The MT-Bench study that introduced LLM-as-a-judge measured both position bias and the chain-of-thought fix directly: judges tend to prefer the answer shown first, and prompting the judge to reason before scoring improves its consistency. Swapping answer order and averaging is the standard correction for the first problem, which is why it has become routine practice.
For the framework itself, OpenAI's open-source evals project is a reasonable canonical starting point: a Python package and benchmark registry for running evals locally or in CI. Note its lifecycle, though. OpenAI has announced that its hosted Evals product becomes read-only on October 31, 2026 and shuts down on November 30, 2026, so treat the open-source repo and the Evals API as the durable surfaces and avoid building hard dependencies on the hosted UI.
Where memory-grounded apps need evals most
Any app that answers from a store of documents, notes, or past messages lives or dies on faithfulness: does the answer actually follow from the retrieved context, or did the model fill a gap with invention. A faithfulness eval gives the judge the retrieved context plus the answer and asks whether every claim in the answer is supported by that context. That is precisely the criterion a Layer 2 judge scores well and a Layer 1 metric cannot see, which is why retrieval-grounded products lean hardest on the judge layer. A schema check confirms the answer is shaped correctly; only a judge can ask whether the answer is true to the source it claims to cite.
MemX is a consumer AI memory app, an external memory layer over your own documents, photos, and notes across Android, iOS, and WhatsApp. When a system answers from your personal memory, a wrong or invented answer is not a benchmark miss, it is a misrepresentation of your own life, so faithfulness evals carry real weight. MemX is private by architecture: per-user keys, encryption at rest, and an on-device first pass, which also shapes how evaluation runs against personal data rather than a shared public set.
01What are AI evals?
AI evals are repeatable tests that score an LLM app's outputs against a fixed dataset, so you can measure whether a change improved or regressed quality. A full suite uses three layers: automated metrics, an LLM-as-a-judge, and human review.

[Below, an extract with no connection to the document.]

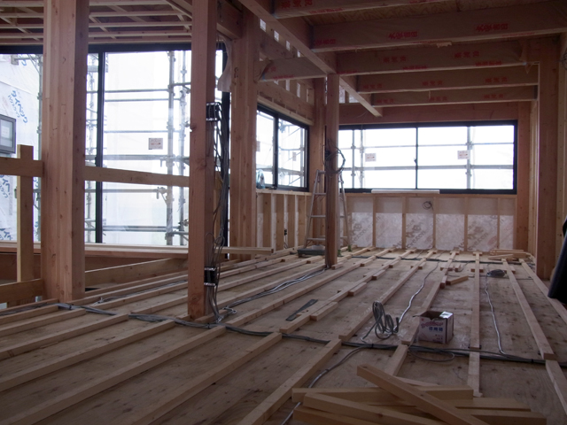 1階リビングの天井が 2″×10″ 材を化粧で見せるため天井懐がない。露出配線を避けるために、電気配線の経路を確保すべく、2階の床に根太を計画している。

02How do I test an LLM app?
Freeze 100 to 200 real inputs with the outputs you consider correct, then score new versions against that set. Use deterministic checks for structure, an LLM judge for fuzzy quality, and human review for edge cases. Wire it into CI.
03Is LLM-as-a-judge accurate enough to trust?

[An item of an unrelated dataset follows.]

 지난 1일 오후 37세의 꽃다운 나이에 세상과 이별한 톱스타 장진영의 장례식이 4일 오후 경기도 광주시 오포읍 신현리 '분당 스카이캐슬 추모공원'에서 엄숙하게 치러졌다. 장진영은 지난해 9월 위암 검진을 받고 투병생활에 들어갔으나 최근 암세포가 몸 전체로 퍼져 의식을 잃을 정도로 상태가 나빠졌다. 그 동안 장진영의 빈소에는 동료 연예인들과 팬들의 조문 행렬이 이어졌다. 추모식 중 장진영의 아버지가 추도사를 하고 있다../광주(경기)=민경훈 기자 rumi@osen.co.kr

A well-prompted strong judge agrees with humans about 85% of the time, higher than the roughly 81% two humans agree with each other. It is reliable once you validate its scores against human labels, but not before.
04How much cheaper is an LLM judge than human review?
Roughly 500x to 5,000x cheaper while reaching about 80% agreement with human preferences. Scoring 100,000 outputs costs cents per case by judge versus weeks of full-time manual review.
05Do I still need human reviewers if I use an LLM judge?
Yes, but fewer and more focused. Humans handle cases automated scorers miss and produce the ground truth that calibrates your judge. The best practice keeps a human in the loop for edge cases and low-confidence outputs.
Stop testing by vibes. Pick the one failure you cannot afford to ship, build the cheapest layer that catches it, freeze a small labeled dataset, and put it in front of your next prompt change. Add the other layers when a real failure slips past the first one, and validate any judge against humans before you trust its number.